[Excerpted data]
+--

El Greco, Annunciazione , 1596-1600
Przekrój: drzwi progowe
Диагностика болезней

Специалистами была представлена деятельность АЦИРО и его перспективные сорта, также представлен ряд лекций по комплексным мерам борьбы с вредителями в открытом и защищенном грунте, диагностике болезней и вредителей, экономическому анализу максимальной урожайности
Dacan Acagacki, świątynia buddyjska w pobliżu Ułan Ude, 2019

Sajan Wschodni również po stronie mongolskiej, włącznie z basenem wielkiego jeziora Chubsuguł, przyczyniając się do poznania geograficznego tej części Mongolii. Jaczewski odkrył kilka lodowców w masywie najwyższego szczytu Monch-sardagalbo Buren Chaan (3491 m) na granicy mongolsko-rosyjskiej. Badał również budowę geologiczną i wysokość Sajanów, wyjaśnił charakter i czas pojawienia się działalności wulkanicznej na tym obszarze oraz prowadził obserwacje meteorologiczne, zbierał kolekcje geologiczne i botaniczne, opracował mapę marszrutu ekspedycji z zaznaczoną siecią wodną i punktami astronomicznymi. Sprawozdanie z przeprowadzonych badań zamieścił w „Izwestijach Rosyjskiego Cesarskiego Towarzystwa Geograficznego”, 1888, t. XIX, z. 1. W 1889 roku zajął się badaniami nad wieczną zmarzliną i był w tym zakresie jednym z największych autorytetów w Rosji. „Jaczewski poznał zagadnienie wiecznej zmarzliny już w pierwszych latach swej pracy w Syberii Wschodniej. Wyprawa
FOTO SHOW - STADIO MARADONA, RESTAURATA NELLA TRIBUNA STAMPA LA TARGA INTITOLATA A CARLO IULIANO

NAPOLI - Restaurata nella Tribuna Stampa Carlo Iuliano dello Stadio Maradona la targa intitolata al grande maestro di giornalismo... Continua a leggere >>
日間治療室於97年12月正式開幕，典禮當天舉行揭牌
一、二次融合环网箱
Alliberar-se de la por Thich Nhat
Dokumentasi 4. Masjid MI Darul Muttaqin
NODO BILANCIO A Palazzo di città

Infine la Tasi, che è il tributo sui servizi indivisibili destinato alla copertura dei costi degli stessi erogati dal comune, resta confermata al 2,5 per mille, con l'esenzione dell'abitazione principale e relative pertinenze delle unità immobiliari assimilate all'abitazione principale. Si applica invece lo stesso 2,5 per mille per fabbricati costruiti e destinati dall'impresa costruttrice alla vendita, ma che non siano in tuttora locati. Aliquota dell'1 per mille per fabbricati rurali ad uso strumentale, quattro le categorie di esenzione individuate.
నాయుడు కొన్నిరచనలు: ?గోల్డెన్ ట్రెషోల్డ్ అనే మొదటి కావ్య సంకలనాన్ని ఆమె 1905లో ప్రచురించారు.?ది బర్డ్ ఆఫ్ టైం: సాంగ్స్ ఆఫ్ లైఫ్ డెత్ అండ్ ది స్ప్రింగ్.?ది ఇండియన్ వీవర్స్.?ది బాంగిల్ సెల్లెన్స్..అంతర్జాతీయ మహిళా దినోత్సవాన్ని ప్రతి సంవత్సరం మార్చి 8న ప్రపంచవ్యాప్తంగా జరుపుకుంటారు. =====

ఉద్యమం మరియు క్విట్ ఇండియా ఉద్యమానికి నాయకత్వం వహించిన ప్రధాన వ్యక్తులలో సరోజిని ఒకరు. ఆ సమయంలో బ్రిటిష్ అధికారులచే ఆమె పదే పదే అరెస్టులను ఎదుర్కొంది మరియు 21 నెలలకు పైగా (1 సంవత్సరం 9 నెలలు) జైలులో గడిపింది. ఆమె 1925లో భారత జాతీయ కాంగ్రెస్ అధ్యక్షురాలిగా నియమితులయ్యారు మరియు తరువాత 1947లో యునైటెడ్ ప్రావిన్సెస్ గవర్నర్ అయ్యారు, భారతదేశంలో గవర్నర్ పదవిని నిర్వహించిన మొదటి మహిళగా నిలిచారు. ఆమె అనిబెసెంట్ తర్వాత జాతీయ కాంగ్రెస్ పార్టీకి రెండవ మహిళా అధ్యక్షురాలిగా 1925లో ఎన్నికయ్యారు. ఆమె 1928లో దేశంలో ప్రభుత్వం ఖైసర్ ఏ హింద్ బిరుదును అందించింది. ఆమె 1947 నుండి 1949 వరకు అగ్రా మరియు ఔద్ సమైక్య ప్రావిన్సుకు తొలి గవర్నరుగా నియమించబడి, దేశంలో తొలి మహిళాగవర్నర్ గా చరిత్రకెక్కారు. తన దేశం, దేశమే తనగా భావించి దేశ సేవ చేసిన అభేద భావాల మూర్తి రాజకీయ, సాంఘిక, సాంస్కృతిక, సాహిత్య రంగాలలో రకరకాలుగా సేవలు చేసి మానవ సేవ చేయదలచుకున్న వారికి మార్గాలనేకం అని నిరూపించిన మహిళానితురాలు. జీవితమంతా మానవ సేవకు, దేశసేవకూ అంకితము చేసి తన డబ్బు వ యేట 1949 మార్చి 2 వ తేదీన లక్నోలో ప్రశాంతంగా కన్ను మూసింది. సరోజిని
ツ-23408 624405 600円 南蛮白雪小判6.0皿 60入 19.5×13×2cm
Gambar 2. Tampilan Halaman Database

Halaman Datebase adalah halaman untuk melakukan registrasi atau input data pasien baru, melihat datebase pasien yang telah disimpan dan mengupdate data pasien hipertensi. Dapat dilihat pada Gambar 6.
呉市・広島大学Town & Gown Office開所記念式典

+--

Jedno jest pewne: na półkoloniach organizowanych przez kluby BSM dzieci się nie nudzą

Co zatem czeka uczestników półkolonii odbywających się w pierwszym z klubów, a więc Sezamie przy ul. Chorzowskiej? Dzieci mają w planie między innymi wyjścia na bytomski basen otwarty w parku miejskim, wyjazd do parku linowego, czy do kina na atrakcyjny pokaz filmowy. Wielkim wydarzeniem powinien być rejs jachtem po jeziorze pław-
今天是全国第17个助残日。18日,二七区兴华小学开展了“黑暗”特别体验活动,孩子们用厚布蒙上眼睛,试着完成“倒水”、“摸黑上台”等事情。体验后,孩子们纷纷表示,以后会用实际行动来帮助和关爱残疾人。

+--

[Problem to solve] Reproducing the whole listing above is not the task. Copy exactly only the lines from the one with "FOTO SHOW - STADIO" to the one with "NODO BILANCIO A Palazzo di città", both kept.

[Answer section]
FOTO SHOW - STADIO MARADONA, RESTAURATA NELLA TRIBUNA STAMPA LA TARGA INTITOLATA A CARLO IULIANO

NAPOLI - Restaurata nella Tribuna Stampa Carlo Iuliano dello Stadio Maradona la targa intitolata al grande maestro di giornalismo... Continua a leggere >>
日間治療室於97年12月正式開幕，典禮當天舉行揭牌
一、二次融合环网箱
Alliberar-se de la por Thich Nhat
Dokumentasi 4. Masjid MI Darul Muttaqin
NODO BILANCIO A Palazzo di città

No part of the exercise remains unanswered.